Certainly it is. The sweeping brush strokes...the layering of pigment...the palatine hint of magenta... I could tell in an instant that this was the genuine Whistler self-portrait, stolen from the Freer Museum eight years ago.

JORDAN

But my neighbor MAVIS, she bought it at an estate sale, some guy who died...

DOCTOR FREEMAN

Whoever stole it from the Freer must have sold it to the guy who died, and the guy who died didn't tell anyone it was real. (Picks up MAVIS's Whistler.) Well. I'm in a hurry, so I'll just take the Whistler and work out the shipping.

MAUDE

Just hold on, Sonny. I'm not completely certain who you think you are, a but I'm altogether certain that the painting that you think you're gonna just walk out of here with, is the painting of my uncle Johnson that Lester and I just bought.

DOCTOR FREEMAN

But sadly for you and LESTER, Whistler's painting of your uncle Johnson was stolen from the Freer Museum, and the law says...

MAUDE

The law says just what the lawyers say it says, and LESTER and I have an army of lawyers.

DOCTOR FREEMAN

But the Freer Museum is part of the Smithsonian Institute, so my lawyer army is bigger than yours.

LESTER

MAUDE?

MAUDE

Yes, LESTER?

LESTER

I've got an idea, MAUDE.

MAUDE

You've got an idea? Well, LESTER, you and I are half-billionaires because of your ideas, so let's hear this one.

LESTER

Picture the Freer Museum, MAUDE, right there on the Washington Mall.

MAUDE

I see it, LESTER, I see it.

LESTER

Now picture a big reception, television, newspapers, lots of big shots.

MAUDE

I see it, LESTER, I see it.

LESTER

And our good friend DOCTOR FREEMAN announces that the noted art collectors, MAUDE and LESTER, acquired the stolen Whistler self-portrait, and phoned DOCTOR FREEMAN to arrange the return.

MAUDE

I see it, LESTER, I see it. LESTER in a tuxedo, MAUDE in a gown.

DOCTOR FREEMAN

It will be a splendid event. MAUDE and LESTER certainly deserve the thanks of the art world, and the gratitude of the nation.

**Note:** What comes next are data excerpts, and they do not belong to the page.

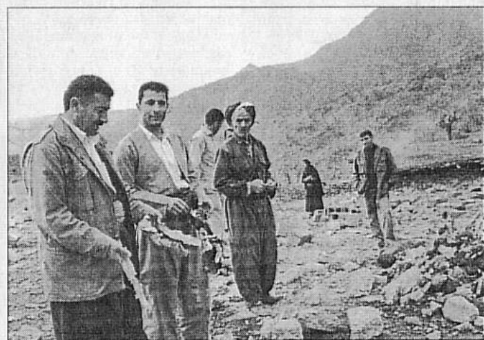
Iraqis inspect the damage following airstrikes by Turkish warplanes in Qandil Sunday. Turkey's bombardment of suspected PKK rebel rear-bases inside northern Iraq drew a furious response Monday from the Iraqi government and villagers hit by the airstrikes.

Tens of thousands of people have died on both sides in one of Asia's longest-running civil wars, which erupted in 1972 when the LTTE launched its campaign for a Tamil homeland in the majority Sinhalese nation.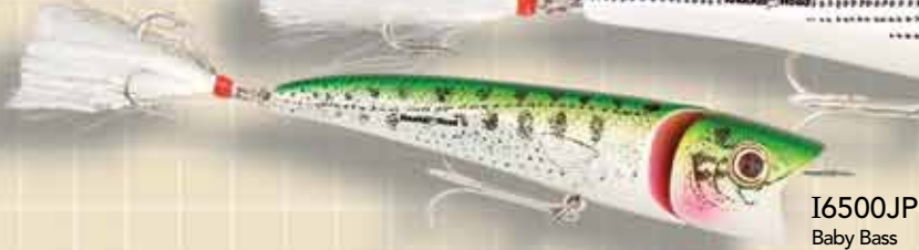
I6500JP Baby Bass

The Knuckle-Head and Knuckle-Head, Jr's. have captured the imagination of anglers from coast to coast. They're being used by surfcasters in the Northeast, muskie fishermen in the Midwest and bass anglers in the South. Who knew? Their unique jointed-head design has given them an unmatched action for all species of fish.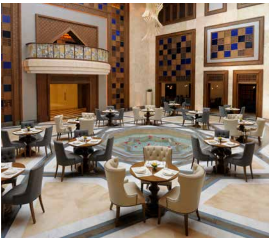
LA PIAZZA RESTAURANT

La Patisserie: La Patisserie offers a wide variety of homemade French delicacies and more baked by our patisserie chef. Order takeaway or sit down in the cafe, where tantalising aromas are wafting all day long.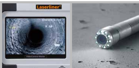
5.0" TFT colour display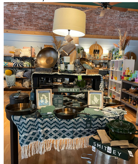
a HOME store display

Why do we work so hard at making our stores beautiful and shoppable? "Retail with a Purpose" is about providing a meaningful shopping experience, selling quality products, and giving our customers the opportunity to support people with disabilities. Our carefully crafted displays help invite our customers to engage with our community.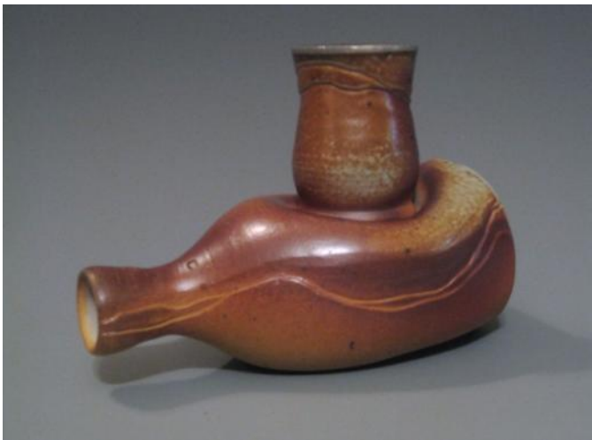
Woodfired Flask set - the collaborative endeavor of Lynda Farmer and Renee McKitterick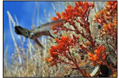
“Juvenile Anna’s Hummingbird Feeding”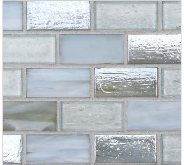
1 x 2 BRICK (25mm x 50mm)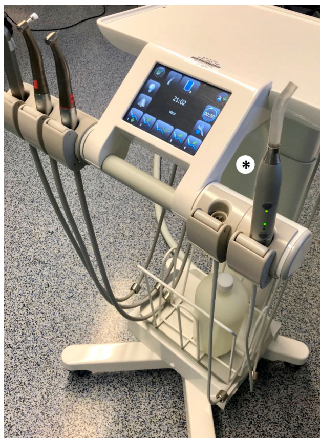
Figure 1. Mobile dental delivery service. * water reservoir.

In addition, to reach patients who live in areas not provided with dental surgeons, or to gain access to destitute and vulnerable patients, MDDSs can be used in a hospital environment, from room to room, or associated to the delivery of dental care under general anesthesia (GA) in an operating room.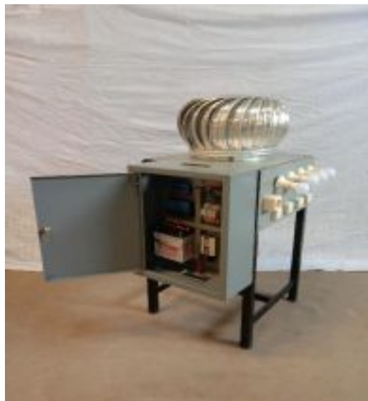
Figure 6. Ventilator as a Power Plant.

The picture 6 is a ventilator as a power plant that has been tested at different locations, but for the feasibility of generating electricity obtained location B which allows producing optimal electricity generation.

(MAVIS and MARTIN begin singing off-stage, then re-enter, appropriately disheveled.)


27. SONG: I HAVE SEEN THE LIGHT - MAVIS and MARTIN


(Verse.)

MARTIN

I have seen the light. Now I know the where's and why's. Now I know the proper prize, it's clear as black and white.

(Verse.)

MAVIS

I have seen the way. Now I know the worst and best. Now I know the cursed and blessed. It's clear as night and day.

(BRIDGE)

MAVIS

You've got to give a little if you want to get a lot.

MARTIN

You've got to learn a little if you want to know a lot.

MAVIS

You've got to frown a little

MARTIN

if you want to laugh a lot.

MAVIS and MARTIN

You've got to fight a little If you want to love a lot.

(Verse.)

MAVIS and MARTIN

- Now the future's bright. Now we know the path to take. Now we know the moves to make, now Everything is right. We have seen the light.

(FINE)

(INTERLUDE)

MARTIN

I'd say gleam, you'd say glow.

MAVIS

I'd say toss, you'd say throw.

MARTIN

I'd say hide, you'd say show.

MAVIS

I'd say stash, you'd say stow.

MAVIS

I'd say deer, you'd say doe

MARTIN

I'd say friend, you'd say foe

MAVIS

I'd say rain, you'd say snow.

MARTIN

I'd say rake, you'd say hoe.

MARTIN

I'd say shrink, you'd say grow.

MAVIS

I'd say high, you'd say low.

MARTIN

I'd say fast, you'd say slow.

MAVIS

I'd say yes,

MAVIS and MARTIN

I'd say yes!

(Verse.)

MAVIS and MARTIN

We have seen the light. We have found which way is up. We have won the loving cup. Skies are blue and bright. We have seen the light.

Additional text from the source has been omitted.